A 1,000 bp region encompassing the NRF2 binding site and the annotated transcription start of LINC00942 (−800 to +200 bp, chr12:1,608,855–1,609,854) was cloned into a Gaussia luciferase (GLuc) reporter vector (pEZX-PG04, Genecopoeia), which also contains a reference reporter gene, Secreted Alkaline Phosphatase (SEAP). Additionally, a construct containing a mutated version of the NRF2 binding site was generated (ATGACTCGGCA>ACGACTCGCGA). A549 and H838 cells were cultured in a 12-well plate 24 h prior to transfection, and at a confluency of approximately 80% cells were transfected with the wild type or mutant plasmid together with one of two different control siRNAs or two siRNAs targeting NFE2L2. Each siRNA/plasmid combination was transfected in triplicates, using Lipofectamin 2,000 (Life technologies, cat. no. 11668027).

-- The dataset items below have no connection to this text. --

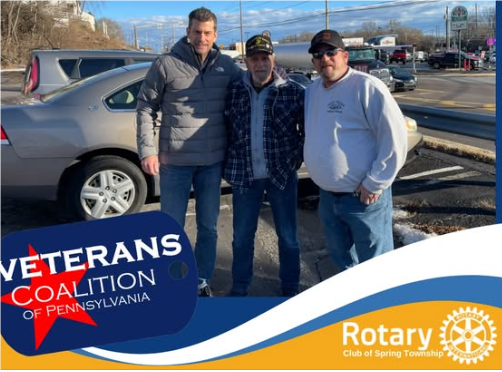 Shoutout to Spring Township Centennial Rotarians and Veterans Coalition of Pennsylvania -VCOP squeezed in another act of kindness in 2025. A heartfelt thank you to Steve Skrocki and Michael Weil for making possible the donation of a car to a veteran in need. This generous act is a powerful reminder of what can happen when a community comes together to support those who have served.
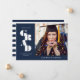 Celebra el gran logro de tu graduación con esta invitación moderna de graduación azul marino y blanco. Presenta la nota de la palabra escrita en un semental audaz a la izquierda con espacio para una foto del graduado a la derecha.
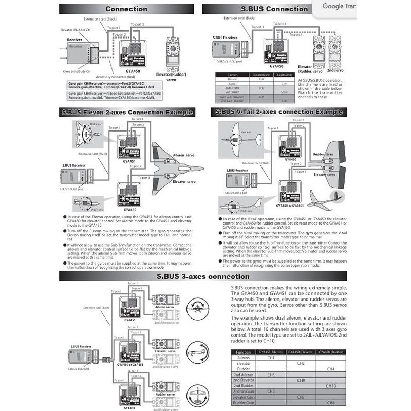 - Sterowanie dwoma osiami jest możliwe przy użyciu dwóch GYA450 lub GYA451 w przypadku korzystania z połączenia łączonego (tylko S.BUS)
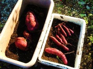 いつもご訪問、コメントありがとうございます第一回目のサツマイモの収穫の時にサツマイモの茎の粕漬けが好評につき蔓の収穫の為に残して置いたプランター菜園のサツマイモ第二回目の収穫は11月中旬小さ目 発泡スチロール容器栽培の多分 なると金時今年最大のサツマイモは紅はるかまだまだ二年目プランター菜園ではありますが昨年、今年の中でも最高記録1.2キロまで育ってました第三回目、今年最終の収穫は1袋半日陰、培養土の袋利用、そもそも定植時期も遅かったサツマイモ親株(ポット苗)から育っていた芽、無駄なく刺し苗として利用肥料分が多いと蔓ぼけ、蔓が茂り芋が育たない状態とは違ったようで蔓はヒョロ~リとスリムで茂ってない状態にしては小さいながら芋が育ってましたいつの間にか大中小80個から100個のプランターになっていたボリジ亭のプランター菜園16個(うち数個は培養土袋利用なので100個に含まず)近くサツマイモを植えていたプランターは空き次第 培養土の入れ替えし玉葱苗の定植その際に掘り残しのサツマイモ見っけっ紫芋か紅はるか、なると金時かはファーマーズマーケットに並んでいたサツマイモの茎1袋150~200円年に一回は旬ともなると購入していたサツマイモの茎今年はプランター菜園の蔓で炒め煮、佃煮、粕漬けに飽食の時代、戦時中のようだと言われそうですが繊維質たっぷり、クセも無く美味しく頂きましたボリジ亭では初チャレンジの粕漬けが人気今では蔓収穫の為の品種もあるんだそうです
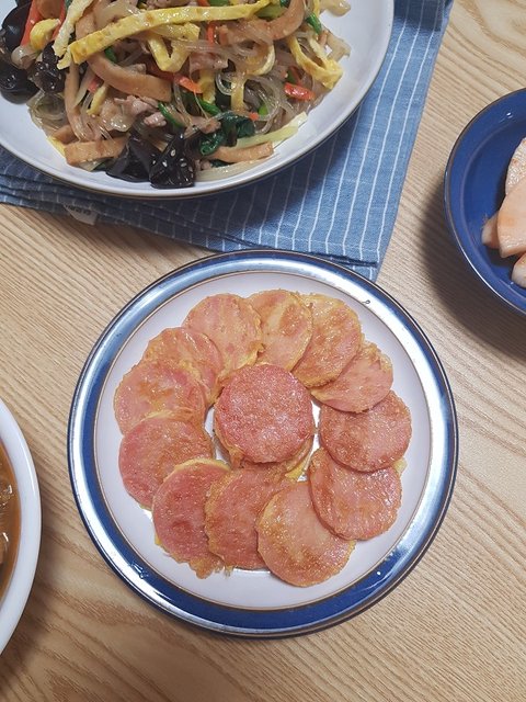 엄마가 만들어주신 뼈다귀 해장국 그리고 옛날 소세지와 함께 잡채밥상!
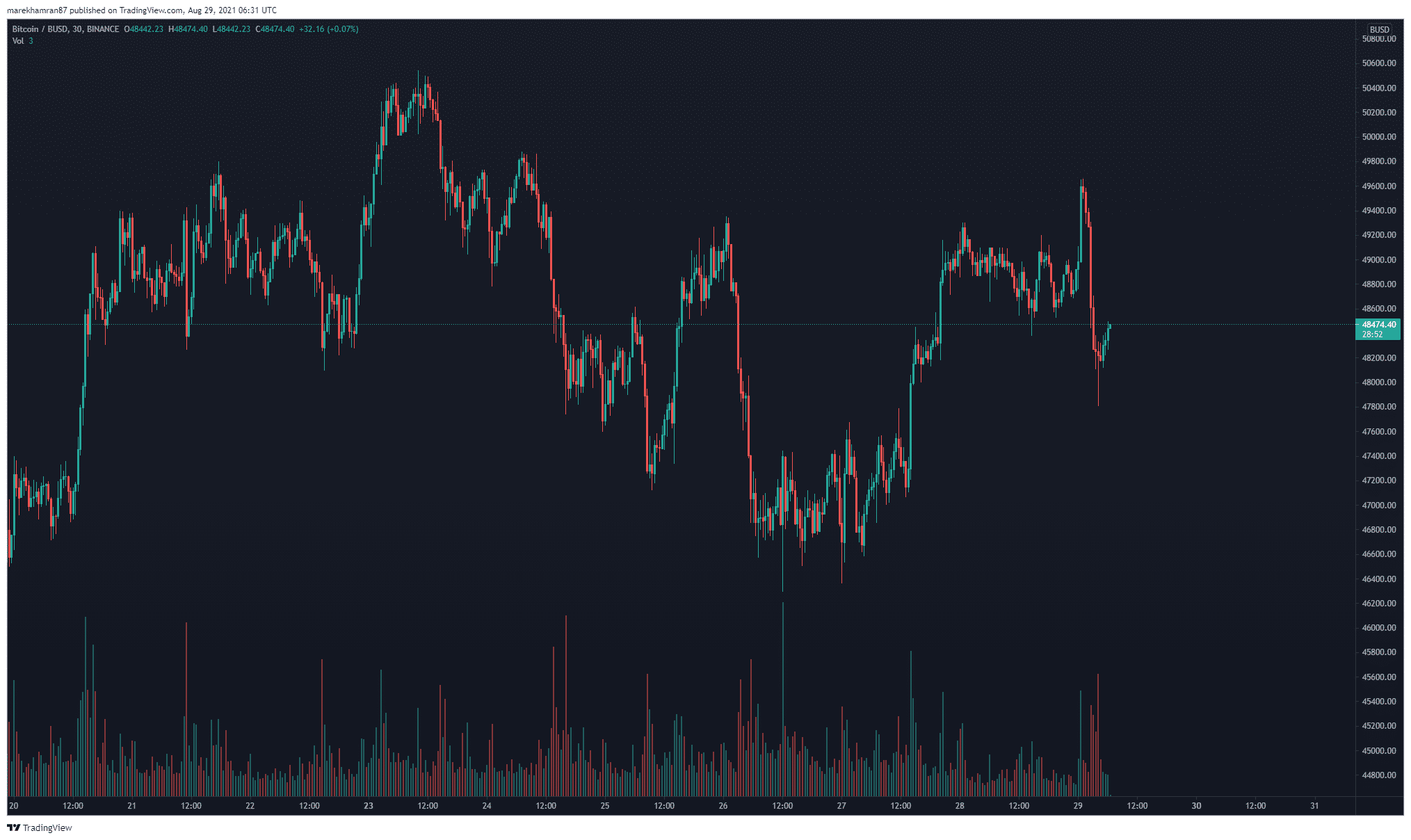 Od májovej obrovskej korekcie na kryptomenovom trhu sme svedkami pozitívneho obdobia pre Bitcoin a celý trh kryptomien. V čase písania tohto článku bola cena najväčšej kryptomeny na úrovni 48 400 USD. Sobotňajšia noc priniesla 3,5-percentný pokles po odmietnutí rezistencie 50 000 USD. Aktuálne však na grafe BTC/USD registrujeme podporu býkov, ktorá tlačí cenu späť nahor.

The activities of GLuc, adjacent to LINC00942 promoter, and SEAP were quantified with the Secrete-Pair Dual Luminescence Assay Kit (Genecopoeia, cat. no. SPDA-D010) 48 h after transfection.

Data availability

The NFE2L2 siRNA RNA-seq data have been deposited in GEO using the accession number GSE75452 (http://www.ncbi.nlm.nih.gov/geo/query/acc.cgi?acc=GSE75452). All remaining data are contained within the Article and Supplementary Information files or is available from the authors upon request.

Additional information

How to cite this article: Ashouri, A. et al. Pan-cancer transcriptomic analysis associates long non-coding RNAs with key mutational driver events. Nat. Commun. 7, 13197 doi: 10.1038/ncomms13197 (2016).